Have we exhibited this community in our evangelical churches? I have to say no – by and large, no. Our churches have often been two things – preaching points and activity generators. When a person really has desperate needs in the area of race, or economic matters, or psychological matters, does he naturally expect to find a supporting community in our evangelical churches? We must say with tears, many times no!

My favorite church in Acts and, I guess, in all of history is the church at Antioch. I love the church at Antioch. I commend to you to read again about it. It was a place where something new happened: the great, proud Jews who despised the Gentiles (there was an anti-Gentilism among the Jews, just as so often, unhappily, there has been anti-Semitism among Gentiles) came to a breakthrough. They could not be silent. They told their Gentile neighbors about the gospel, and suddenly, on the basis of the blood of Christ and the truth of the Word of God, the racial thing was solved. There were Jewish Christians and there were Gentile Christians, and they were one!

More than that, there was a total span of the social spectrum. We are not told specifically that there were slaves in the church of Antioch, but we know there were in other places and there is no reason to think they were not in Antioch. We know by the record in Acts that there was no less a person in that church than Herod’s foster brother. The man at the very peak of the social pyramid and the man at the bottom of the pile met together in the church of the Lord Jesus Christ, and they were one in a beauty of human relationships.

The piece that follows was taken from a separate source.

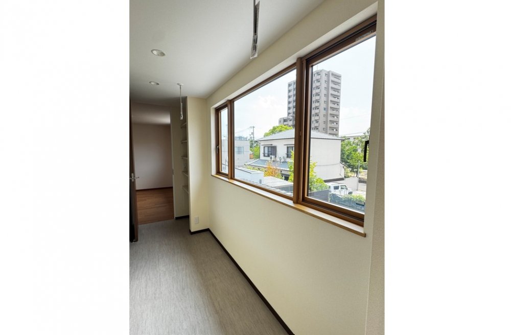 【2階廊下】大開口窓で明るく気持ちのよい廊下に。

And I love it for another reason. There was a man called Niger in that church, and that means black. More than likely, he was a black man. The church at Antioch on the basis of the blood of Christ encompassed the whole. There was a beauty that the Greek and the Roman world did not know–and the world looked. And then there was the preaching of the gospel. In one generation the church spread from the Indus River to Spain. If we want to touch our generation, we must be no less than this.

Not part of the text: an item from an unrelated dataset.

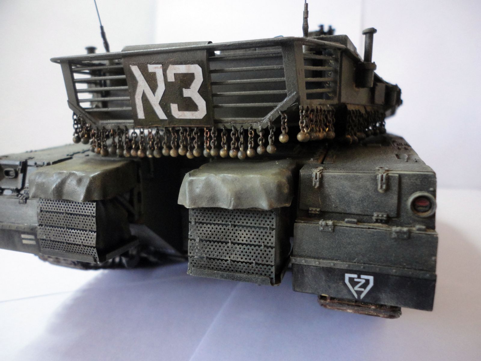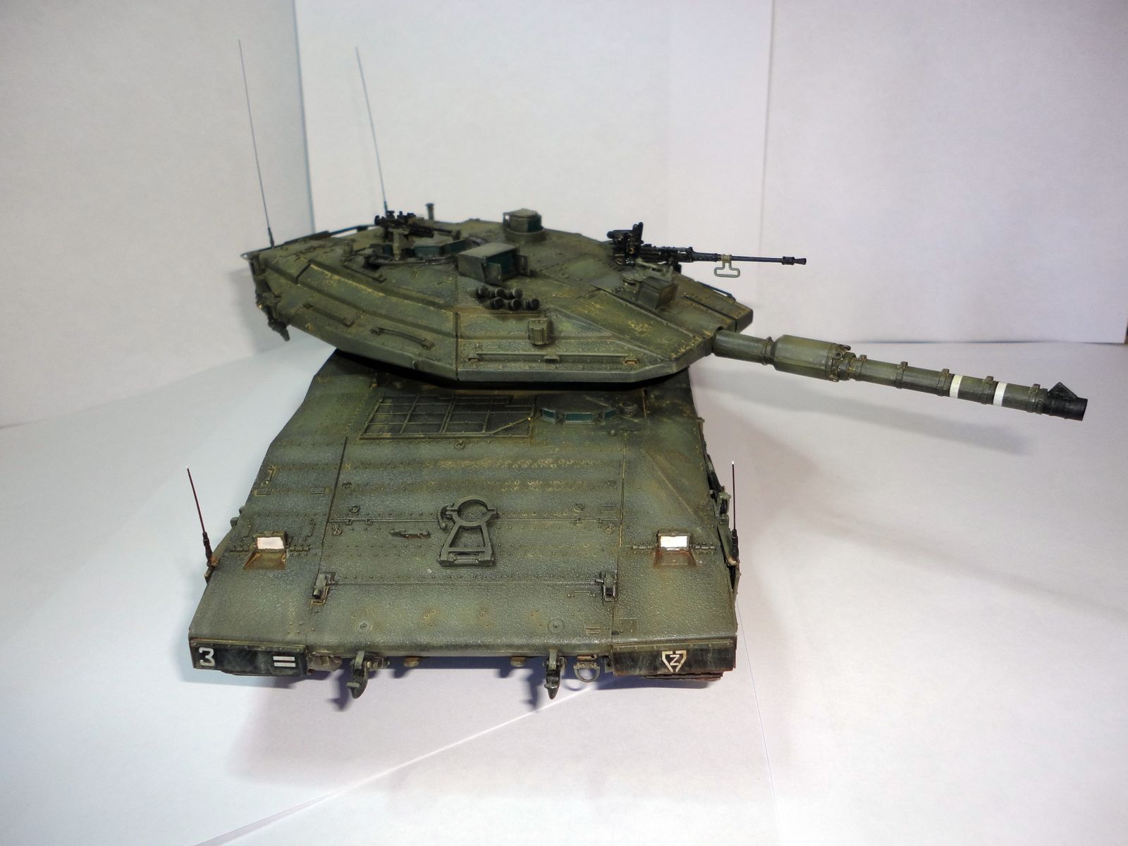 Непонятна тактическая разметка: этот танк он 3 или 3 Алеф? Потому что на переднем правом брызговике у него написано 3, а на заднем левом 3 Алеф и на башенном щите 3 Алеф. И шеврон на второй плате направлен вершиной вниз, что означает первую роту в батальоне, а горизонтальных полос на брызговиках две, что означает вторую роту.

I would emphasize again that community reached all the way down into the realm of material possessions. There is no communism, as we today know the word communism,  in the book of Acts. Peter made very plain to Ananias and Sapphira that their land was their own, and when they had sold their land they were masters of what they did with the money. No state or church law, no legalism, bound them. What existed in the early church was a love that was so overwhelming that they could not imagine in the church of the Lord Jesus having one man hungry and one man rich. When the Corinthian church fell into this, Paul was scathing in 1 Corinthians in writing against it.

Note, too, that deacons were appointed. Why? Because the church had found difficulty in caring for one another’s material needs. Read James 2. James asks, “What are you doing preaching the gospel to a man and trying to have a good relationship with him spiritually if he needs shoes and you do not give him shoes?” Here is another place where the awful Platonic element in the evangelical church has been so dominant and so deadly. It has been considered spiritual to give for missions, but not equally spiritual to give when my brother needs shoes. That is never found in the Word of God. Of course, the early church gave to missions; at times they gave money so Paul did not have to make tents. But Paul makes no distinction between collections for missions and collections for material needs, as if one were spiritual and the other not. For the most part when Paul spoke of financial matters, he did so because there was a group of Christians somewhere who had a material need, and Paul then called upon other churches to help.

Moreover, it was not only in the local church that the Christians cared for each other’s needs; they did so at great distances.  The church of Macedonia, which was made up of Gentile Christians, when they heard that the Jewish Christians, the Jews whom they would previously have despised, had material need, took an offering and sent it with care hundreds of miles in order that the Jewish Christians might eat.

So, there must be two orthodoxies: the orthodoxy of doctrine and the orthodoxy of community. And both orthodoxies must be practiced down into the warp and the woof of life where the Lordship of the Lord Jesus touches every area of our life.